Een gevierd monument van de Oudrussische literatuur is Hilarion’s Slovo o zakone i blagodati (1037-50; “Preek over Wet en Genade”), een knap staaltje retoriek waarin de Oudtestamentische wet wordt afgezet tegen de Nieuwtestamentische genade. Andere belangrijke homiletische werken werden geschreven door Clement van Smolensk, metropoliet van Rusland van 1147 tot 1154, en door St. Cyrillus van Turov (1130-82). Het centrale genre van de Oudrussische literatuur was waarschijnlijk de hagiografie, en een aantal interessante heiligenlevens dateert uit de vroegste periode. Zowel een kroniekverslag als twee levens van Boris en Gleb, de eerste Russische heiligen, zijn tot op de dag van vandaag bewaard gebleven. De heiligheid van deze twee mannen, die door hun broer Svyatopolk in een strijd om de troon werden gedood, bestaat niet in activiteit maar in de vrome passiviteit waarmee zij, in navolging van Christus, de dood aanvaardden. Dit ideaal van passieve aanvaarding van het lijden zou een langdurige invloed uitoefenen op het Russische denken.
De monnik Nestor (ca. 1056-na 1113), aan wie een leven van Boris en Gleb wordt toegeschreven, schreef ook Zhitiye prepodobnogo ottsa nashego Feodosiya (“Leven van onze heilige vader Theodosius”) (d. 1074). De Kievo-Pechersky paterik (De Paterik van het klooster van de Grotten van Kievan), nauw verwant met de hagiografie, verzamelt verhalen uit het leven van monniken, samen met andere religieuze geschriften. Een heiligenleven van een heel andere soort, Zhitiye Aleksandra Nevskogo (“Leven van Alexandr Nevsky”) (d. 1263), viert een vrome krijgsprins. De traditie van de pelgrimsliteratuur begint ook in deze periode. Nestor was betrokken bij het samenstellen van de Povest vremennykh let (“Verhaal van vervlogen jaren”; De Russische Oerkroniek), ook wel de Oerkroniek van Kiev genoemd (samengesteld rond 1113), die leidde tot het schrijven van andere kronieken elders.

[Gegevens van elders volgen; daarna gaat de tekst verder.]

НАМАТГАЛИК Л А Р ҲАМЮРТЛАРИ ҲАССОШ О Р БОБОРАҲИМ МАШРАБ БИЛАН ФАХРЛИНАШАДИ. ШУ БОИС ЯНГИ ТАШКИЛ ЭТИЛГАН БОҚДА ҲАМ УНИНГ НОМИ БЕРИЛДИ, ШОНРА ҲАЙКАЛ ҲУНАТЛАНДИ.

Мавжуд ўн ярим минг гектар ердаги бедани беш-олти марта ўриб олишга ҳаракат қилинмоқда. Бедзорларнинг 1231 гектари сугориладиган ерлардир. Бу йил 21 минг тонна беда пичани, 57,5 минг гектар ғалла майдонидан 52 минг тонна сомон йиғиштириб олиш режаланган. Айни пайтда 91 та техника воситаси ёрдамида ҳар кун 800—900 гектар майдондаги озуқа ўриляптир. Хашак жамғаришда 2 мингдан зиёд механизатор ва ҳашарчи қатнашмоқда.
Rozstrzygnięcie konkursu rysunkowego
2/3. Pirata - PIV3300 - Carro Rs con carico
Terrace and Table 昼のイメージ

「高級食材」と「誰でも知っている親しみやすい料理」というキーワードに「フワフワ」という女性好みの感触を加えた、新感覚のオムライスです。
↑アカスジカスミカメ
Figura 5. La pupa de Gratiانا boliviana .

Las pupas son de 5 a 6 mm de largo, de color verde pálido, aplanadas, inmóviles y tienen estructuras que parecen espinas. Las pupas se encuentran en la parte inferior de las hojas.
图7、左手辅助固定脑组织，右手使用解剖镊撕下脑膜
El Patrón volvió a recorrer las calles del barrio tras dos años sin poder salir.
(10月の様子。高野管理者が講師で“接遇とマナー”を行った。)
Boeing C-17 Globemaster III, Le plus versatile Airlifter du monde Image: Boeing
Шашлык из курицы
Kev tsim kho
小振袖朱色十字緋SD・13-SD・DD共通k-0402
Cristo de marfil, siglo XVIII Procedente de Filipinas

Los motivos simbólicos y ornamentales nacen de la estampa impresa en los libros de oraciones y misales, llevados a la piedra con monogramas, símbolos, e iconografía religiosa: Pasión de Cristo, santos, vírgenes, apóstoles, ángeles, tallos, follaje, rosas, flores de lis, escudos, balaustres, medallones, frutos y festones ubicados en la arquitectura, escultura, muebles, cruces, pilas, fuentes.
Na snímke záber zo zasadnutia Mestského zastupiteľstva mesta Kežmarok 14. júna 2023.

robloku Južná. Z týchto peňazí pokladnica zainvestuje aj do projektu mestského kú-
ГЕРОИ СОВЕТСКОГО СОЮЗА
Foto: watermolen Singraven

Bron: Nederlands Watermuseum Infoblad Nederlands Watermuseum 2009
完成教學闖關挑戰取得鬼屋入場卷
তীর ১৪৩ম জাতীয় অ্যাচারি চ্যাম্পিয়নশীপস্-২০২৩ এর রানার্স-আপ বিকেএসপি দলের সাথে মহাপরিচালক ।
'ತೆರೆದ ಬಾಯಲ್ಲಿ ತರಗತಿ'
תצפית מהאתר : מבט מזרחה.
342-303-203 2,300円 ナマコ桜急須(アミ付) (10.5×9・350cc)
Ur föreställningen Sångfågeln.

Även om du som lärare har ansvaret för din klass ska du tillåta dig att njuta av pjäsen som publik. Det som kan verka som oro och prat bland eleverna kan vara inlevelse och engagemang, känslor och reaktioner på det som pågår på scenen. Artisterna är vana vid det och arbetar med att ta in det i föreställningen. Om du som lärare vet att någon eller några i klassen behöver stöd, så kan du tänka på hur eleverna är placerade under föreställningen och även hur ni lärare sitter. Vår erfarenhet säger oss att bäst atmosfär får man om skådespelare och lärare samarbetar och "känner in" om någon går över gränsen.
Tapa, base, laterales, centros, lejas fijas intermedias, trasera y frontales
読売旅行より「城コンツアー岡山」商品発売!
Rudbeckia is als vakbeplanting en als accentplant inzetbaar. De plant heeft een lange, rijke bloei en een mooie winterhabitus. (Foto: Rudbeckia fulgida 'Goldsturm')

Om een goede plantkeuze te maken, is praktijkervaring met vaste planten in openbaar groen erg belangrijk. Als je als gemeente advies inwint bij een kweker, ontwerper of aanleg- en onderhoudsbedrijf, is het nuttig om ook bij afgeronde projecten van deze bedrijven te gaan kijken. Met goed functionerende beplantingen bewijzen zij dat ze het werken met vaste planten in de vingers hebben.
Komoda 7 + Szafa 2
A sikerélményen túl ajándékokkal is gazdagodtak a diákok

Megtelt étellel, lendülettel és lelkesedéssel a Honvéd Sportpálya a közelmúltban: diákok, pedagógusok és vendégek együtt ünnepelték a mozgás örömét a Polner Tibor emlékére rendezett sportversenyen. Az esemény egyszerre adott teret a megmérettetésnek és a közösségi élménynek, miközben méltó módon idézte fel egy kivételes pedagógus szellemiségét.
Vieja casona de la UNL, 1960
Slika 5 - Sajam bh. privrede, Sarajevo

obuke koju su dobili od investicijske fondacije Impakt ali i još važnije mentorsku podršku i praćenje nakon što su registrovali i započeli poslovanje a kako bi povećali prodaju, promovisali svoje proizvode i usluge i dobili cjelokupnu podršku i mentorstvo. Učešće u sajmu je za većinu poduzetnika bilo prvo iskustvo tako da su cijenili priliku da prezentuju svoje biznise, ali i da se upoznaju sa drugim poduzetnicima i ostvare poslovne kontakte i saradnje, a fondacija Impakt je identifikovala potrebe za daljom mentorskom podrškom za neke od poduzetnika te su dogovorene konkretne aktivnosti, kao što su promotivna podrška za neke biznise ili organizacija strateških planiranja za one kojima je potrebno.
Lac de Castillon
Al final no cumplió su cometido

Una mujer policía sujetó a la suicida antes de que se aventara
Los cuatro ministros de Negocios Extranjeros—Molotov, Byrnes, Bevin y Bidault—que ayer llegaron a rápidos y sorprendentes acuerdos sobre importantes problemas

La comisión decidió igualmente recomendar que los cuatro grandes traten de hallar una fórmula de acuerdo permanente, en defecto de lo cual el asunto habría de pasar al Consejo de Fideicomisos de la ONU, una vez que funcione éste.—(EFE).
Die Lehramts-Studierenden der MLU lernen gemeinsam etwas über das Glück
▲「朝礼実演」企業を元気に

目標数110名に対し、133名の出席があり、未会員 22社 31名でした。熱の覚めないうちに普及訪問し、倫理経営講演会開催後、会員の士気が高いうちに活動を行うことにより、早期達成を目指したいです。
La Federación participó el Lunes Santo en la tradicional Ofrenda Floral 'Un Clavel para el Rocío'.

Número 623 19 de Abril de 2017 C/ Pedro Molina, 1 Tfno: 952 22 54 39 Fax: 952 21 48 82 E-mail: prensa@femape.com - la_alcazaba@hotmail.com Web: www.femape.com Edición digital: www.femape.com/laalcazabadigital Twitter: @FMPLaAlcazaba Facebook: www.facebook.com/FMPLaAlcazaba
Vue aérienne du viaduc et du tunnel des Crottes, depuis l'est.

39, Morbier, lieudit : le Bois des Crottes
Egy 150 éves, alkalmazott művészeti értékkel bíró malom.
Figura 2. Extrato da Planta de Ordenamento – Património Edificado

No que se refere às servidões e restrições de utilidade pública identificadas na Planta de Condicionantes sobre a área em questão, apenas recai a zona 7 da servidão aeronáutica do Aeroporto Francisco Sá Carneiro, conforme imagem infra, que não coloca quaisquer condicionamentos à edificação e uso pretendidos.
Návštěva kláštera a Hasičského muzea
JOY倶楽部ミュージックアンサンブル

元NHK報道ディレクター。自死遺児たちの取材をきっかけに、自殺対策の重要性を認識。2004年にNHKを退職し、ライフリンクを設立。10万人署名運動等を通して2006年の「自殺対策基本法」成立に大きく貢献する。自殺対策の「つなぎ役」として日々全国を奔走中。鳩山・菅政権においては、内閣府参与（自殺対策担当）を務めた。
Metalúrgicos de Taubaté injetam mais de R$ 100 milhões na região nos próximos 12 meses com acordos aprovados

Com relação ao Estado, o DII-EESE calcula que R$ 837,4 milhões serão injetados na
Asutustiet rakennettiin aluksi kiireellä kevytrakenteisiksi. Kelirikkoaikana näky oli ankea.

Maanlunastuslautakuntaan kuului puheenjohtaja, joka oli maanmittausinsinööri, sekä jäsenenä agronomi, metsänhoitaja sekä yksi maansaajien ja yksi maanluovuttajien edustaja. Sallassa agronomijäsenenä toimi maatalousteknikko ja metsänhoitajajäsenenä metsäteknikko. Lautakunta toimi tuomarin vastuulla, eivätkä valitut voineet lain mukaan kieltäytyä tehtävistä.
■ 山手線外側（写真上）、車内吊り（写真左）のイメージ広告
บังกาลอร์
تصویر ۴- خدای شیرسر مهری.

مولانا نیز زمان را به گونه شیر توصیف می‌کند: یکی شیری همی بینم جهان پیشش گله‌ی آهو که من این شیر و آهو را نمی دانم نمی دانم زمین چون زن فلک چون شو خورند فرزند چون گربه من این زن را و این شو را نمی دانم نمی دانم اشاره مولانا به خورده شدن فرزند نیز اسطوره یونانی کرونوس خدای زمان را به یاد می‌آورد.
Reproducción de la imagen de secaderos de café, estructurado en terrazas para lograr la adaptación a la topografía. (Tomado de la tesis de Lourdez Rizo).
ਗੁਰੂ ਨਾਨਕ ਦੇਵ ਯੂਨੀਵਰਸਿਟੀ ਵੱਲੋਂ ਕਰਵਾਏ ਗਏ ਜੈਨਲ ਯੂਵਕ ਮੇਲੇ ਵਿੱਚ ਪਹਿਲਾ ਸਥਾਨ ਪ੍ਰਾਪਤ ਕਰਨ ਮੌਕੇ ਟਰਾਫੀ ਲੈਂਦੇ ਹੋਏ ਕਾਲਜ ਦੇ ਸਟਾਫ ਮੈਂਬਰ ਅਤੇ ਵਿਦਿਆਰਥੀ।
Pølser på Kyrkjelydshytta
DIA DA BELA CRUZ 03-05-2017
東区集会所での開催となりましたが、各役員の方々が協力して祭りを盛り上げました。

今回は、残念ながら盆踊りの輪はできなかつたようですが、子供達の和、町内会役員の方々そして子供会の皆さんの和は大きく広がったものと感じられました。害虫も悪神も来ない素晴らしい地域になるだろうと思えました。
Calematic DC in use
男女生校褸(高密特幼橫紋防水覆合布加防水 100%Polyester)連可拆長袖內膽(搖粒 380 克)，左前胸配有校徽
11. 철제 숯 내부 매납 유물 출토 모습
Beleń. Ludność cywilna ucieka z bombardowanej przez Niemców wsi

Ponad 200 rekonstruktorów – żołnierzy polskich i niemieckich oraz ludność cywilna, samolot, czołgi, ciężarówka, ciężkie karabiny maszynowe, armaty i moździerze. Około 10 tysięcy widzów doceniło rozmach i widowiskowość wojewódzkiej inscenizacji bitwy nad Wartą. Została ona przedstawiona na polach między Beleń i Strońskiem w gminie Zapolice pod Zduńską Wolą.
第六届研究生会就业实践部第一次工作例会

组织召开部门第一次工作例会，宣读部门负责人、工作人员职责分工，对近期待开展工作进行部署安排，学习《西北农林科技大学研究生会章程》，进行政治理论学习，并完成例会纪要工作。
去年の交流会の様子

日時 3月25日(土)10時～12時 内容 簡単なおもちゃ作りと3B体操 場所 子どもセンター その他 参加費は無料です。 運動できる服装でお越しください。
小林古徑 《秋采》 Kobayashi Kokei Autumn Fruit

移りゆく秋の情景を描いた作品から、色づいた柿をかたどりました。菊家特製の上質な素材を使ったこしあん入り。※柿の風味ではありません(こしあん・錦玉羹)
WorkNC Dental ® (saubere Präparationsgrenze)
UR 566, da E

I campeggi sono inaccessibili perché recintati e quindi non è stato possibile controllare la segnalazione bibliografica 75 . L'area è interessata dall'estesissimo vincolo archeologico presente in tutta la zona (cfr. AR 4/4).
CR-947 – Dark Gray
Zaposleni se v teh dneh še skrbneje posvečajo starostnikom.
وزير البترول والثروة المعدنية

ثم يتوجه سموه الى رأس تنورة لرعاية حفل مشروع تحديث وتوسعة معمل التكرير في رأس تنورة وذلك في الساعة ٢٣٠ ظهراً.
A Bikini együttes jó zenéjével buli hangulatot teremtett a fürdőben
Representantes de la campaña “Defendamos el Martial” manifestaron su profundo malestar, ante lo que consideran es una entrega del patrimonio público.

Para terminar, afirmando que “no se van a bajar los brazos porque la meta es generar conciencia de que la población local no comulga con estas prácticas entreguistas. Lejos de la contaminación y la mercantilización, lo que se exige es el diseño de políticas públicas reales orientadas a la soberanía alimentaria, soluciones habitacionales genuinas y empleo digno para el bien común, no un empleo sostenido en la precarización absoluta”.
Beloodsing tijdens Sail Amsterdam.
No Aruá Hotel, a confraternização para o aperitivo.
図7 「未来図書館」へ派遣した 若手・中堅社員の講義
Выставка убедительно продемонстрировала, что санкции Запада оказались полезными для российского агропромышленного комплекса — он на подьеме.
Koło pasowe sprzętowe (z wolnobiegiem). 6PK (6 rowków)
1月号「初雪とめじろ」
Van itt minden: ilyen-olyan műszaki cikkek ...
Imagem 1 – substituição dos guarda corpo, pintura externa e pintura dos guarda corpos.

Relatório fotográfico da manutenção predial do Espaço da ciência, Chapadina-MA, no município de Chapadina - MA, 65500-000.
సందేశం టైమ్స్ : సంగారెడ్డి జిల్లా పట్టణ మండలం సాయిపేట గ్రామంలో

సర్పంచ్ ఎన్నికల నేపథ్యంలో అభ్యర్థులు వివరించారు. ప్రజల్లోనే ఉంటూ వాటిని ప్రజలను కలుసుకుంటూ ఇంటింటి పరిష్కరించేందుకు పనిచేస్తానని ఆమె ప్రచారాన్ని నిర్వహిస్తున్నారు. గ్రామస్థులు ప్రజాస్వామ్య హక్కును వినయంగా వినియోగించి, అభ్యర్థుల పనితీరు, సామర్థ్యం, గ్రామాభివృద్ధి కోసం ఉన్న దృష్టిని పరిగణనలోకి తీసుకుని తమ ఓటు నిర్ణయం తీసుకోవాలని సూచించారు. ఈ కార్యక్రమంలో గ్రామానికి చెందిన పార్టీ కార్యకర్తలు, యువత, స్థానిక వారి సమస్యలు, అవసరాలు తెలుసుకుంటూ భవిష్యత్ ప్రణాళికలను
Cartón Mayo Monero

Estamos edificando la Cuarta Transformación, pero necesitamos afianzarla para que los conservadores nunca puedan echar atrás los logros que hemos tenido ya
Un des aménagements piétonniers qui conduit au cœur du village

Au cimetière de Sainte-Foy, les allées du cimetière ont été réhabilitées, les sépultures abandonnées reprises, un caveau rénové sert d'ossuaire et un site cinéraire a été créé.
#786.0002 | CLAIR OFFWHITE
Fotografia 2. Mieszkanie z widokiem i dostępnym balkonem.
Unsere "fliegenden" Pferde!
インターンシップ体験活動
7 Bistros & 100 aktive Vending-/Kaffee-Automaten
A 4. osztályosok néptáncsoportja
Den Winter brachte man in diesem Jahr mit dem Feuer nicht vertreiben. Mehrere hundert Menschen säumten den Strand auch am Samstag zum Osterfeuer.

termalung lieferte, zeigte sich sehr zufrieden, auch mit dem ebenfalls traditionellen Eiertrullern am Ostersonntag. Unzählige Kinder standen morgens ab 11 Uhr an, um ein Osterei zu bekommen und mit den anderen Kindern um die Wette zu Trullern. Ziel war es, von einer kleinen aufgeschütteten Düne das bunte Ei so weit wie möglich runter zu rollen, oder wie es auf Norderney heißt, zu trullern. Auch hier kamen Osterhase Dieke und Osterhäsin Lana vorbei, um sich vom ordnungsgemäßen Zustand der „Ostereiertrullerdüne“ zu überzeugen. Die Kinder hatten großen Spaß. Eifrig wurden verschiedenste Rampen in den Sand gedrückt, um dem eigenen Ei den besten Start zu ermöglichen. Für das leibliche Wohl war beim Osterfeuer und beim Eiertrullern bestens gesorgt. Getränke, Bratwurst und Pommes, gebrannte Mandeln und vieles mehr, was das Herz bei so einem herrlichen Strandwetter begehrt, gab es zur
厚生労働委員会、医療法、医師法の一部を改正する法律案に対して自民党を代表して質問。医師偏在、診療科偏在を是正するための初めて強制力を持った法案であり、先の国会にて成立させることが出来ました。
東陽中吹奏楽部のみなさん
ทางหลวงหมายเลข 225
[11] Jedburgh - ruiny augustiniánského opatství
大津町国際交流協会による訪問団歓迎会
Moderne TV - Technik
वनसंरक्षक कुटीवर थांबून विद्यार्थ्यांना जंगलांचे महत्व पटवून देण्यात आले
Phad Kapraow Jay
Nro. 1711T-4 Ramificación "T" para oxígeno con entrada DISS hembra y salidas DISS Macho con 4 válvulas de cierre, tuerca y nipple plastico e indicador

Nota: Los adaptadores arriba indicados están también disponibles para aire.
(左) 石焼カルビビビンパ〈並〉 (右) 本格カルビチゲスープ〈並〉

Literair gezien is het beste werk van de Oudrussische literatuur de Slovo o polku Igoreve (Het lied van Igor’s veldtocht), een soort episch gedicht (in ritmisch proza, eigenlijk) over de rooftocht van prins Igor tegen de Polovtsy (Kipchak), een volk van de steppen, zijn gevangenneming, en zijn ontsnapping. Het verhaal van Igor, dat tussen 1185 en 1187 werd geschreven, zoals het algemeen bekend is, werd in 1795 ontdekt door graaf Musin-Pushkin. Het manuscript werd vernietigd in de Moskouse brand van 1812; een kopie die was gemaakt voor Catharina II de Grote bleef echter bewaard. De echtheid van het gedicht is vaak in twijfel getrokken, maar wordt nu algemeen aanvaard. Het thema is de rampzalige broederlijke verdeeldheid van de Russische vorsten.